Nevertheless, there are various types of noise in CXR images, such as ground-glass opacity, bilateral abnormalities, and interstitial abnormalities. Especially, low-dose CXR images susceptible to noise are complicated and fuzzy likely to interfere with the diagnosis of machines and doctors [20]. Therefore, obtaining clearer details in CXR images and improving the images quality by denoising is of great significance [21, 22].

Due to the high practical value, the medical image denoising method [20, 23,24,25,26,27] has been extensively studied for a long time. Mondal et al. [28] and Raj et al. [29] used discrete wavelet technology [30] for medical image denoising. The methods are simple to calculate and run faster, but they both had an unsatisfactory performance in removing Gaussian white noise (GWN) widely existing in medical images. In addition to classic filtering [31,32,33] and transform domain medical images denoising method [24, 25, 34], non-local mean (NLM) [35, 36] and block-matching and 3D filtering (BM3D) [37, 38] based on the self-similarity show promising denoising performance.

Although traditional medical image denoising algorithms can improve the quality of medical images to a certain extent, they usually need to manually selected parameters and complex optimized algorithms [39], and enable to preserve texture details effectively [20]. Recently, deep learning methods [40,41,42,43,44,45,46], given enough data, have significant advances in images denoising than those traditional hand-crafted methods. They are significantly different in several key respects. First of all, deep learning methods do not need to manually adjust the parameters and complicated optimization algorithm. Moreover, deep learning methods can be competent for many varied noise tasks through different training data. However, the proposed methods above still have some obvious weaknesses. (1) Most of these methods ignore the connection between shallow layers and deep layers. (2) Some of these deep networks fail to extract information from feature maps effectively. (3) Lack of efficient multi-resolution feature fusion method. Given these, in this paper, we proposed a novel multi-resolution parallel residual CNN for CXR images denoising. There is spatial information in the shallow layers with high resolution and semantic information in the deep layers with low resolution. We utilize the multi-resolution parallel convolution streams to connect the spatial and semantic information. The ECSA module is proposed to make the network focus more on texture details in CXR images with fewer parameters. We usually directly add or concatenate multiple resolution feature maps. However, they both provide limited expressive power to the network. Therefore, we design the AMFF method based on attention to improve the expression of the network.

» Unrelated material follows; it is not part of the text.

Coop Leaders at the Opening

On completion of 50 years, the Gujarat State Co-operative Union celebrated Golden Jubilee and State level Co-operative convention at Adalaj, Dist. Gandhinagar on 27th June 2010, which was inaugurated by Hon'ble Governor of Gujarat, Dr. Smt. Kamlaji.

The main contributions of this work are summarized as follows:

  1. (1)

    Multi-resolution parallel convolution flows are used to fuse information from high-resolution and low-resolution features. It is also used to enhance the robustness of the model.

  2. (2)

    An ECSA model combining effective channel and spatial attention is proposed to make the network pay more attention to the texture details of CXR images while reducing the parameters.

  3. (3)

    To improve the representation of the network, an attentional-based AMFF method is used, which adaptively fuses multi-resolution features, rather than simply combining and summing features.

  4. (4)

    To verify the impact of the MPR-CNN, we design abundant experiments for CXR images classification. The outstanding results demonstrate the ability of our network to detect of COVID-19 cases from denoised CXR images.

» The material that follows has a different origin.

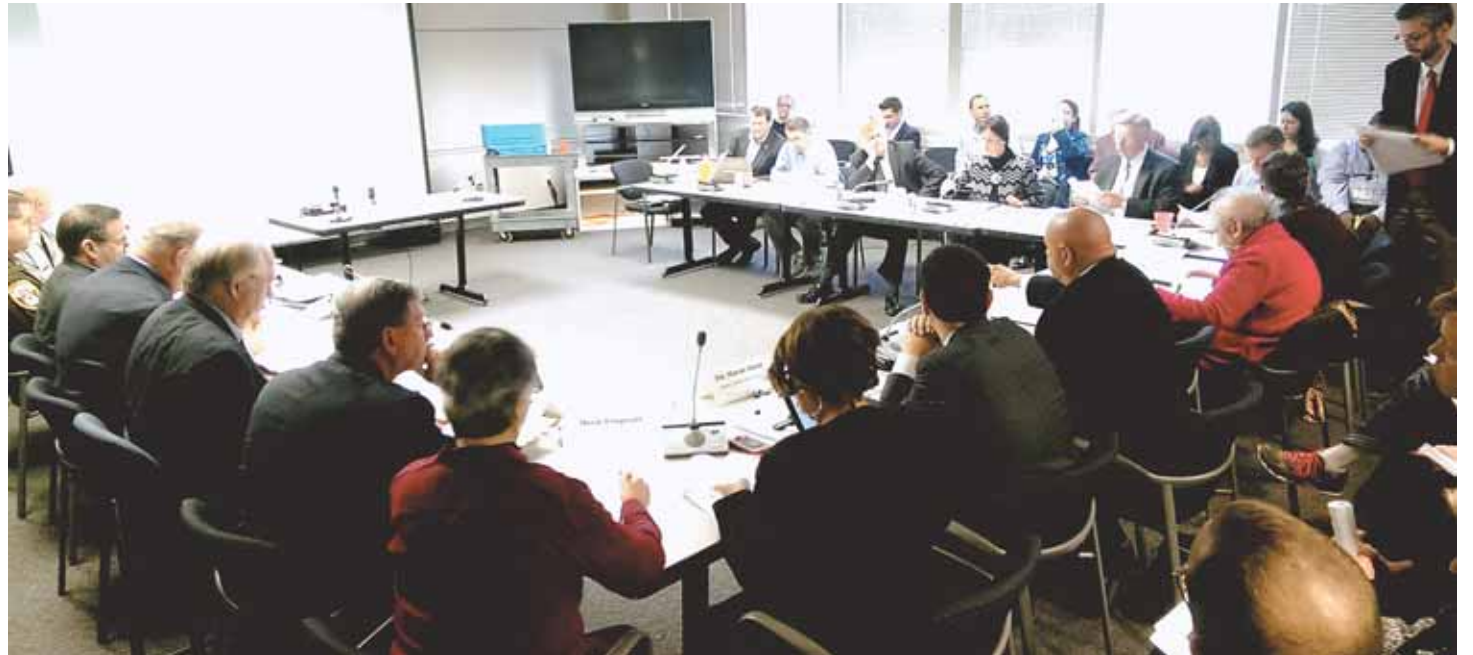
Members of the Board of Supervisors and representatives of the Ad Hoc Police Practices Review Commission met at the Oct. 27 public safety committee to begin reviewing the 142 final recommendations of the commission, including a civilian review board and independent auditor.

The remainder of this paper is organized as follows. Section 2 provides a brief survey of related work. In Sect. 3, our MPR-CNN was first presented and then illustrates the loss function and optimization. In Sect. 4, extensive experiments are conducted to evaluate. Finally, several summaries and future work are given in Sect. 5.

2 Related work

In this paper, we proposed the MPR-CNN model for CXR images denoising. With the rapidly growing CXR images of confirmed cases, there is a pressing necessity to enhance the images quality for improved COVID-19 detection. To better understand the composition and the core of the model, we briefly describe the representative methods for each of the central studied problems.

2.1 Deep learning methods for images denoising

Deep learning has become a dominant machine learning method in image processing, such as image classification [7], image recognition [47], and image denoising, which have demonstrated great potential and remarkable performance due to flexible and powerful plug-in components in deep learning [39]. Burger et al. [48] first utilized the multilayer perceptron (MLP) for image denoising and the extensive experiments demonstrate that MLP has similar or even better representation power than the hand-crafted BM3D. Besides, GANs [45, 46] that are frameworks to estimate generative models are also fine choices to suppress the noise. Generally, the framework consists of a generative network (G) and a discriminative network (D), ruling the game theory.

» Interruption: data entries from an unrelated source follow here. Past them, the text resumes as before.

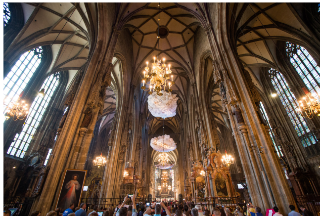
Picture 4: St. Stephen's Cathedral Vienna

awfulness or overpoweringness would be examples. According to Otto, religious traditions use different “means of expression” (ibid.: 79); among them, and especially important, is architecture. In his book he describes a whole range of constructive elements that are qualified to induce the experience of the “numinous,” such as the contrast between the giant and the tiny, which can be interpreted as an alteration of the contrast between the universe (gigantic) and the human being (tiny) – a central motif in almost any religion. With regard to architecture, this contrast can be realized vertically as well as horizontally.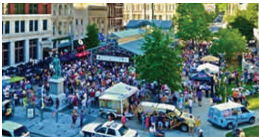
One of the Downtown Lexington Corporation's most well-attended events is Central Bank Thursday Night Live. Click here for more information.

A. For 19 years now every Thursday we have produced Central Bank Thursday Night Live in the heart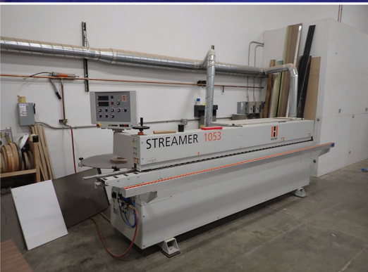
2017 HOLZHER STREAMER 1053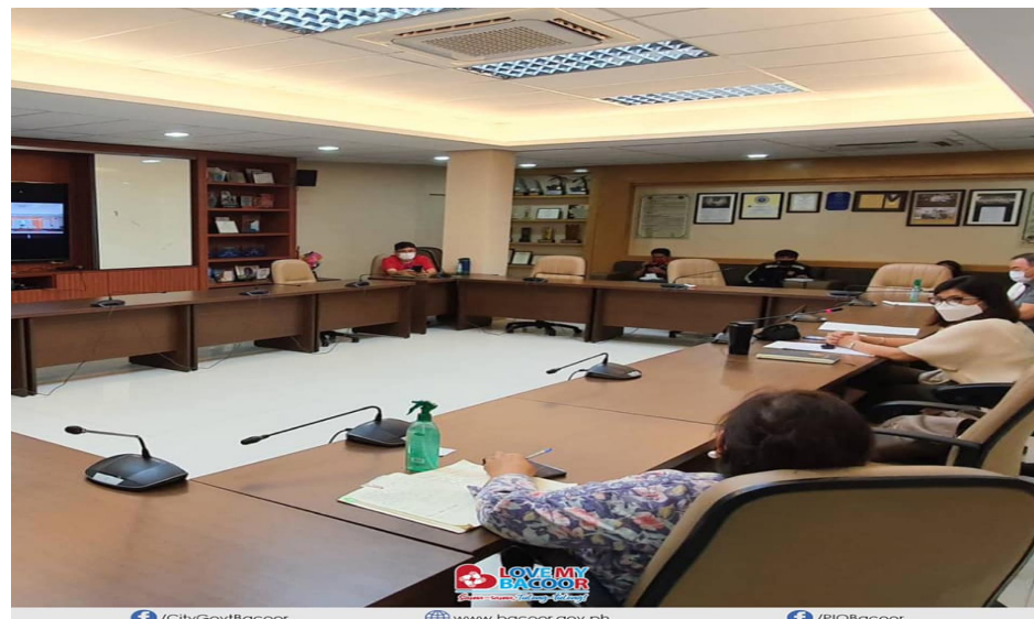
Nagsagawa ang CDRMMC ng emergency meeting para pag-usapan ang mga paghahanda para sa Typhoon Ambo. Ibayong pag-iingat ang ipinapaalala sa lahat para makaiwas sa anumang pinsala na maaring idulot ng Typhoon Ambo.

Although he has his residence at the Congregation, Cardinal Tagle has been staying at the Collegio since his arrival in Rome in February. He travels to his office at Piazza Spagna daily despite the pandemic.

In terms of improving the efficiency of denoising, CNNs can be regarded as a modular part, and some classic optimization methods can be inserted to restore potential clean images, which is effective for processing noisy images. DnCNN [43] and IRCNN [49] both use a full convolution network with a signal-scale feature for image denoising. An encoder–decoder method was utilized in [50,51,52,53]. First, the input is gradually mapped to the low resolution representation, and then the stepwise reverse mapping is applied to the original resolution. Although these CNNs have achieved progressive results, they still have limitations. Full convolution networks do not use any downsampling operations, so the feature maps have more precise spatial details. However, these networks are less efficient in encoding contextual information due to their limited acceptance field. On the other hand, encoder–decoder methods lost fine spatial details, although gaining more context information.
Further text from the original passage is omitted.